───── Dataset content ─────

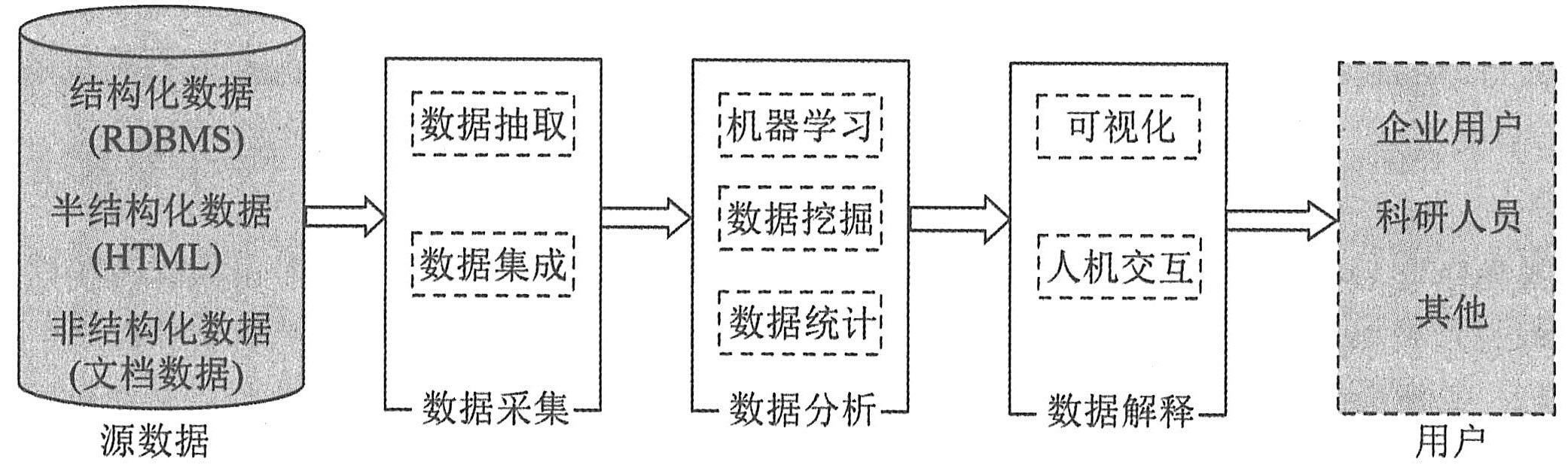 从大数据生命周期的角度看,大数据处理的基本流程包括:数据采集、数据分析和数据解释。大数据处理流程图如下图所示。
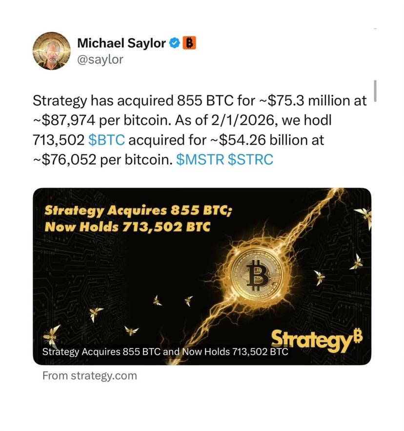 Strategy has acquired 855 BTC for ~ $75.3 million at ~ $87,974
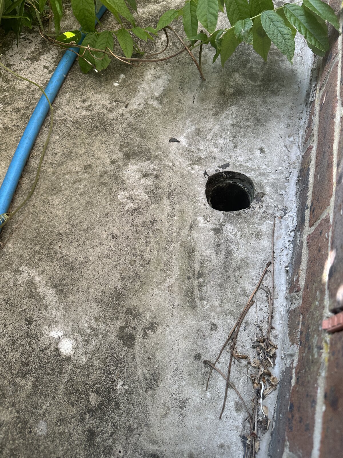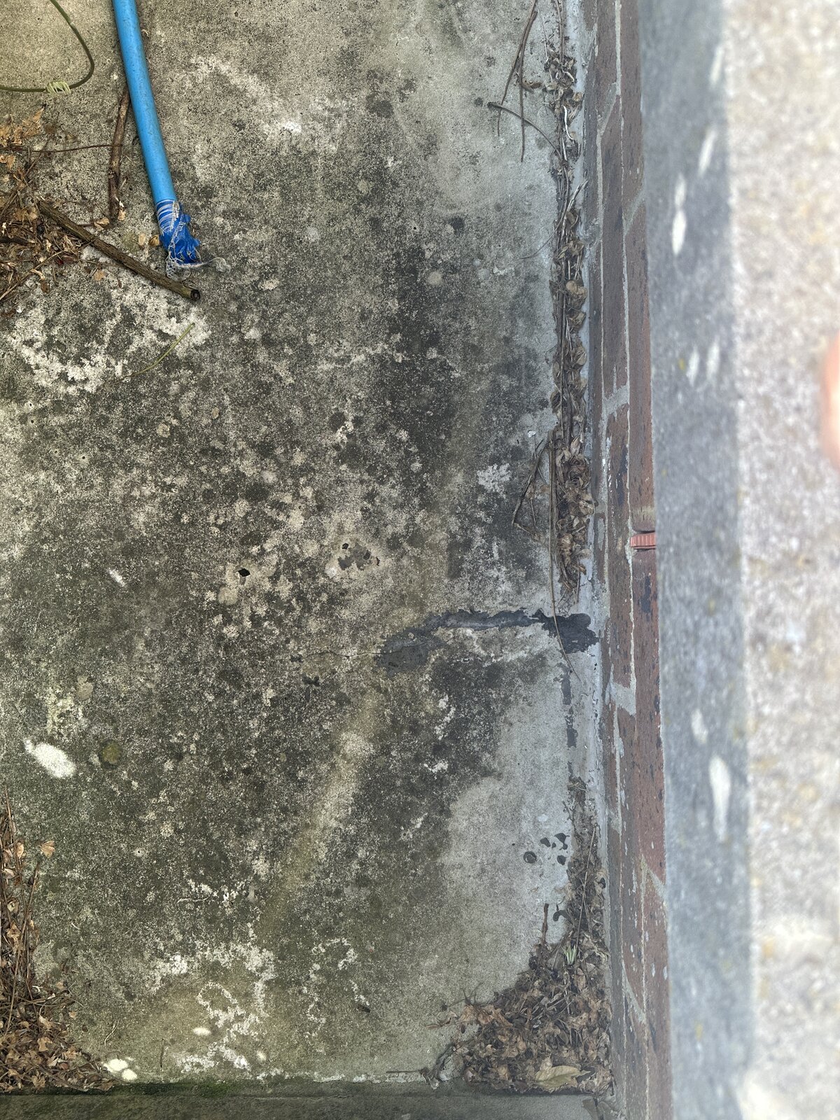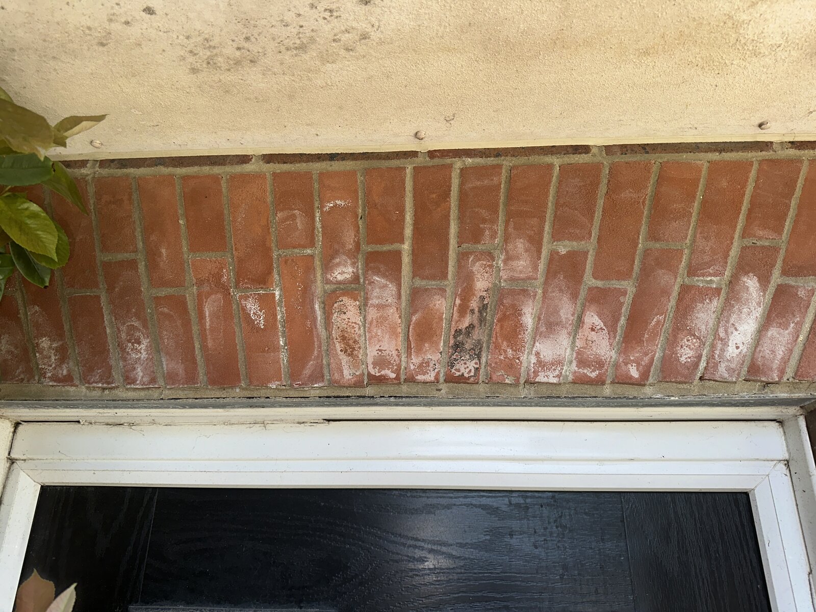This hole has appeared after a particularly wet winter, and occasionally drips - particularly if the wind is blowing rain towards the house. We live in a bit of a wind tunnel, so this occurs quite regularly. Above the door an en-suite bathroom, with a decorative balcony outside the window. I tried sealing the gap between the balcony and the brickwork, but didn't do a fantastic job, although I'm not even certain this is the issue.

─────

◆ **Work instructions**
The result should be the listing above, restated exactly, with no pictures in it.

◆ **Response**
 从大数据生命周期的角度看,大数据处理的基本流程包括:数据采集、数据分析和数据解释。大数据处理流程图如下图所示。
 Strategy has acquired 855 BTC for ~ $75.3 million at ~ $87,974
This hole has appeared after a particularly wet winter, and occasionally drips - particularly if the wind is blowing rain towards the house. We live in a bit of a wind tunnel, so this occurs quite regularly. Above the door an en-suite bathroom, with a decorative balcony outside the window. I tried sealing the gap between the balcony and the brickwork, but didn't do a fantastic job, although I'm not even certain this is the issue.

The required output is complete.